**Extracted entries**:

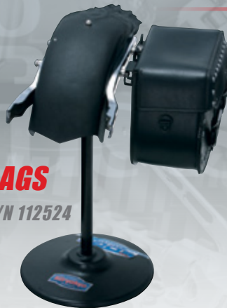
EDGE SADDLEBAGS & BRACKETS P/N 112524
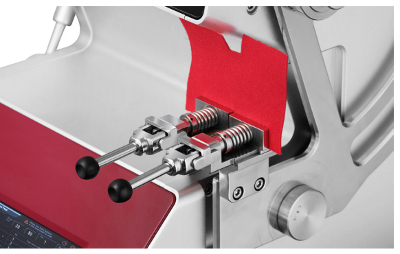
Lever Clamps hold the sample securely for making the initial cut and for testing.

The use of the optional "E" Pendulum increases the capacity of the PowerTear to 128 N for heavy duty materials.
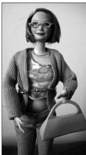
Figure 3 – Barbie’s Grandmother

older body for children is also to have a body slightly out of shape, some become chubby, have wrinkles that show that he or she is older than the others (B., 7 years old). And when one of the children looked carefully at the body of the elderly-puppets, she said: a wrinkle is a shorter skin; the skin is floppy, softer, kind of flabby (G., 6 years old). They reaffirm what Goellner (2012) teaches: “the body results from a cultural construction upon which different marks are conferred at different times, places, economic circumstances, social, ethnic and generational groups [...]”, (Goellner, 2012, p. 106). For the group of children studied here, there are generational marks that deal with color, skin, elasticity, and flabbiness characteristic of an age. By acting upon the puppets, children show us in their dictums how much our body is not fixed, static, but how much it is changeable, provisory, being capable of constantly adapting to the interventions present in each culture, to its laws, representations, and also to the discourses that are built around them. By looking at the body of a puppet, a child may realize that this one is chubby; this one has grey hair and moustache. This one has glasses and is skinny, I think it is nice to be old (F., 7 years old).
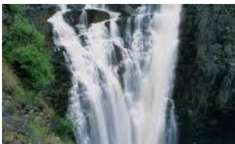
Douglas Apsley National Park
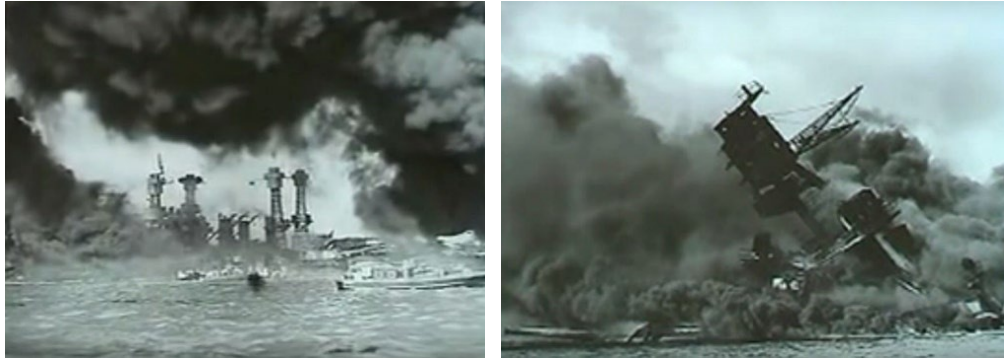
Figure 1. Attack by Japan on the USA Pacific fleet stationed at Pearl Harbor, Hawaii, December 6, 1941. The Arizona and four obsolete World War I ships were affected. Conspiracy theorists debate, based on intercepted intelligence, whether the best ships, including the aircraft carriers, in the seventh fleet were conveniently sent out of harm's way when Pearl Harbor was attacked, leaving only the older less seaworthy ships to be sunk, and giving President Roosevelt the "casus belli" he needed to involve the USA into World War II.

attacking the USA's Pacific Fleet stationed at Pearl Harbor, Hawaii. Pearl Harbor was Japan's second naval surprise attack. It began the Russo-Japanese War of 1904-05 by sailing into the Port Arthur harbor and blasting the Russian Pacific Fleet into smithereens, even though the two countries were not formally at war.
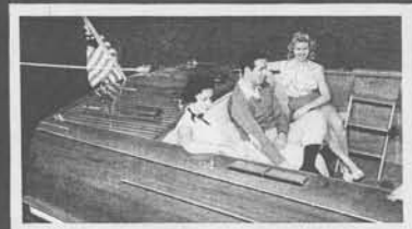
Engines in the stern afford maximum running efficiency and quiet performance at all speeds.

**Problem**:
Return nothing but the lines running from the start of the data to the line with "Figure 3 – Barbie’s Grandmother", please, both ends included and no pictures.

**Result below**:
EDGE SADDLEBAGS & BRACKETS P/N 112524
Lever Clamps hold the sample securely for making the initial cut and for testing.

The use of the optional "E" Pendulum increases the capacity of the PowerTear to 128 N for heavy duty materials.
Figure 3 – Barbie’s Grandmother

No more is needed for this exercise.